付きあうんじゃなかった見たいな表情をいまさらしないでください!!

「ご結婚のご相談ですか?」

いつの間にかドアの向こうから出てきた女性が私たちにこやかな営業用スマイルで声をかける。

「えっ?まあ・・・」

うやむやな引きつった笑み。

「いや、違います。すいません!!!」

甲斐さんが慌てたように私の襟をつかんで引きずる勢いでその場から遠ざかる。

「甲斐さん、焦り過ぎです!」

「つくしちゃん、君は分かっていない」

真剣な甲斐さんの瞳。

「冗談でもつくしちゃんと二人で結婚をするカップルのふりをしてウエディングコンサルタントで相談をしていたなんて知られたらやばい」

誰に知られたら困る?

玲子さん?

玲子さんなら大笑い間違いなし。

「それでなくても代表は未だに俺がつくしちゃんと一緒だといい顔しないんだから、嫌みの一つ二つじゃすまない気がする。

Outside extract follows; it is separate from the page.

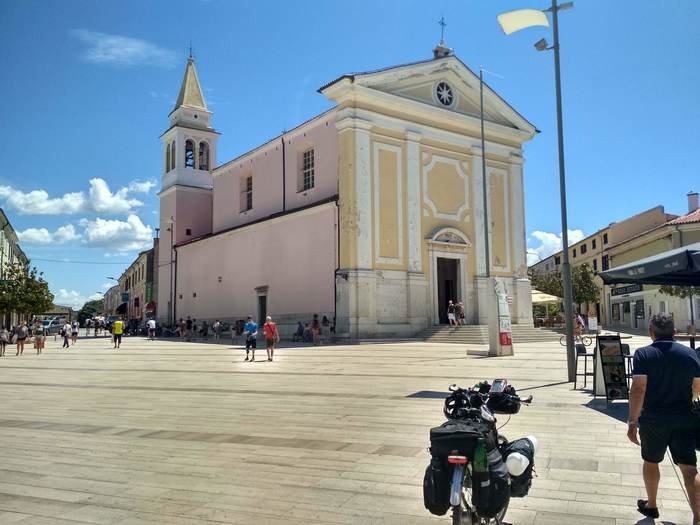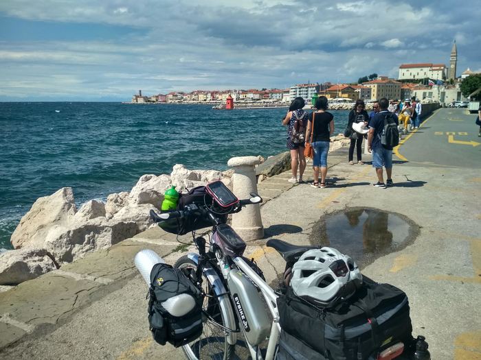 Следующей остановкой был Пиран. В этом городе я был почти десять лет назад - и вот теперь снова вернулся, теперь уже на велосипеде. Город оказался чересчур многолюдным. Кроме машин я постоянно натыкался на туристов, прохаживающихся вдоль набережной. Так что я быстро сделал фотку у памятной мне часовни и развернулся к границе с Хорватией.

俺は破滅だ!!」

いや・・・

それはちょっと大げさだと思う。

甲斐さんも玲子さんと結婚してるんだし、寛大って言葉は司の辞書にはないかもしれないけど司の度量もそこまで狭くないと思う。

「アラスカに飛ばされる!!!」

アラスカにうちの法律事務所の支所はありません!

「いくらなんでも、そこまで嫉妬しませんてば」

頭を抱え込む甲斐さんを覗きこんだ。

「冗談半分、本気半分」

クスッと悪戯な視線が目の前に迫る。

「ずいぶん慣らされたから」

「甲斐さんッ!」

責め気味に発した私の声も笑ってしまってる。

「それよりここからどうするかだよね?」

甲斐さんが珍しく真面目な精悍な顔つきに変わった。

拍手コメント返礼

なおピン様

どうして?って疑問を持ってもらえたら私としてはヒュ~♪ですよ。

この結末はいかに!

つくしちゃんにも私たちの代わりに一杯想像してもらいましょう!

甲斐さんが一番ドキドキでしょうね。

司の嫉妬深さはつくしより身近なものがよりよく知ってるだろうしね。